И так Егор стоит, закинув лысую голову, покручивая ладонями у плеч и значительно-нетерпеливо поигрывая бровями, стоит, собрав и людей, и праздник, и всю радость вокруг себя, и уже всем не терпится, уже его подталкивают в спину, но Егор стоит – и ни с места. И мало-помалу начинает тускнеть на его лице так резво вспыхнувший задор; он хмурится, поворачивает к баянисту то одно, то другое ухо и наконец, всех разочаровывая, кричит баянисту с упрёком, всё так же визгливо и для большего задора ещё пуще коверкая слова:
– Ты ча?.. «Барр-ню» не знашь?.. Ты ча это, а?..

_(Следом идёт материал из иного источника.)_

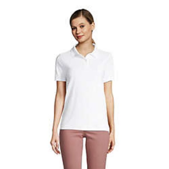 NWT LANDS' END FORM FITTING WOMEN'S MESH POLO SHIRT WHITE MT (MEDIUM TALL)
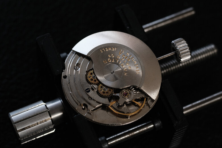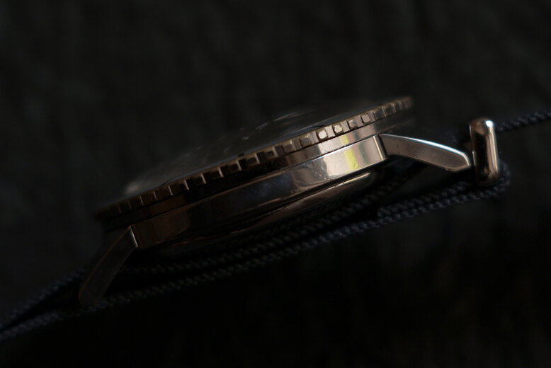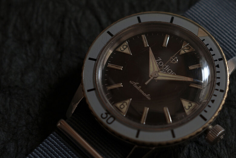ロレックス『サブマリーナ、ブランパン『フィフティ・ファゾムス』と同年の1953年にファーストモデルが発表されたシーウルフ。他の2モデルがダイバーズウォッチとしては一般的なねじ込みリューズやスクリューバックケースにより防水性を高めているのに対し、シーウルフはねじ込みではないノーマルリューズにスナップバックケースながら同等の20気圧防水を実現しました。ダイバーズウォッチ黎明期から現代までその系譜を連ねるゾディアックを代表する傑作モデルです。多種多様なバリエーションが存在していますがこちらは60年代後半に製造されたと思われるベークライトベゼルを備えた1本。特徴的な12・3・6・9の三角形の夜光インデックスや大型のドーフィン針は初期シーウルフから続くアイコン的なデザインです。ベークライトは割れたりヒビが入るなど痛みやすい素材ですがこの個体は全体的にコンディションも良好で大きな損傷はありません。落ち着いた光沢のあるブルーグレーのベゼルとブラックダイアルとのバランスも絶妙で他にはない個性的なデザインです。搭載するムーブメントはA.Schild社のムーブメントをベースに改良されたCal.70-72。自動巻き機構はDoxa、Eberhard、Favre-Leuba、Girard-Perregauxという錚々たるメーカーと共同で開発され、時刻調整時に秒針が停止するハック機能を備えるなど実用性も高いムーブメントです。
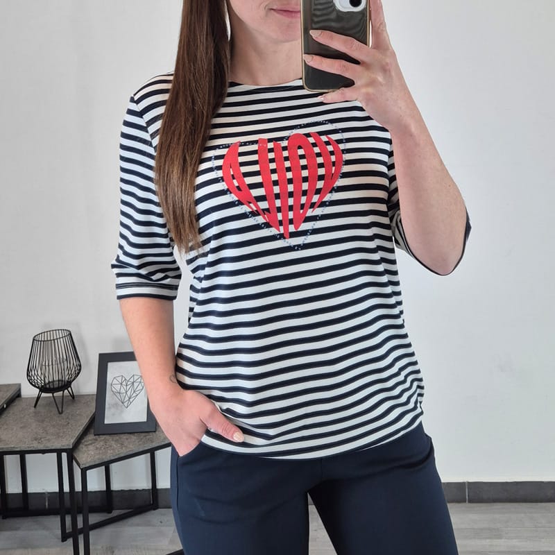 Ženska majica s kratkimi rokavi priznane blagovne znamke Kenny S. Majica ima bele in temno modre črte, na sprednji strani je dodan še tisk. Kroj majice je širši in lepo pade, na spodnjem delu je dodana elastika. Narejena je iz mešanice viskoze in je mehka na otip.

Все вокруг ещё не теряют надежды, что вот-вот Егор Сажин начнёт свою «Барыню» – ведь такой лихой он сделал выход! – и все тормошат и поучают гармониста, который и без того, пока Егор стоял с закинутой головой, уже перебрал дюжину вариантов вступления к «Барыне», какие походя вспомнил или даже сам изобрёл, по выражению лица Егора необходимый плясуну мотив, – но всё не то, не пляшет Егор. То одна, то другая женщина подскакивает к баянисту, «нанакают» и «татакают» ему в ухо, прихлопывают и притопывают, советуя; баянист ошалело таращит глаза, ничего не видящие перед собой, – но не пляшет и не пляшет Егор. Одна из женщин, прислушиваясь к баяну и чуть не лёжа щекой на строптивых мехах, наконец-то утвердительно кивает, всё-таки вопросительно оглядываясь на Егора, а потом даже делает вокруг него дробь – но всё равно Егор крутит головой и не даёт добро.